Insane On The Airplane

Columbus Alive | September 22, 2005
Don’t expect to feel any safer flying post-9/11 after the new Jodie Foster thriller, in which flight crews are catty and uncaring, fistfights and chaos can break out at any moment and anyone with a little knowledge of the plane’s layout can access the wiring. But beyond the actual paranoia the set-up could inspire, don’t expect any real thrills, either.

As Kyle Pratt, a jet propulsion engineer traveling from Berlin to New York with her daughter Julia and her dead husband’s body in tow, Foster embodies from the outset a sense of loss and confusion that’s almost enough to carry the lifeless, formulaic film that surrounds her. Falling asleep after takeoff, Kyle wakes up to discover Julia missing. No one on board has seen her, nor do they remember the little girl boarding the plane.

After a search involving a lot of opening and slamming of lavatory and overhead cabin doors, the flight crew informs Kyle that her daughter’s name is not on the passenger manifest, and Peter Sarsgaard’s air marshal takes custody of her. Is Kyle delusional, or is there something more sinister afoot?

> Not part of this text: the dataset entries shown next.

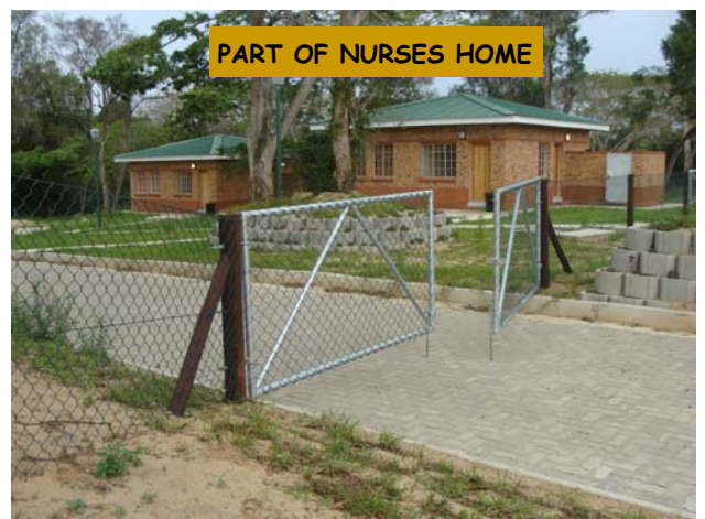
PART OF NURSES HOME

Lena ingxenyane yezindlu zokuhlala abahlengikazi ekhona futhi egcekeni lomtholampilo.
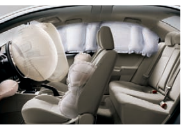
Seven Standard Airbags
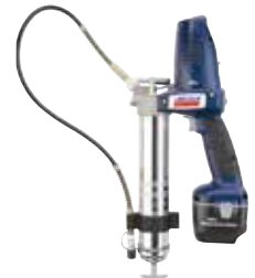
18 V NiCad PowerLuber Model 1842

Tension may build in the cabin, but it’s missing in the theater. Though screenwriters Billy Ray and Peter A. Dowling do give implausibility free reign, Flightplan sticks so closely to thriller conventions, you just know it’s going to play safe throughout. Despite a reasonably short running time, the wait for the big finale feels as long as a three-hour layover in Newark.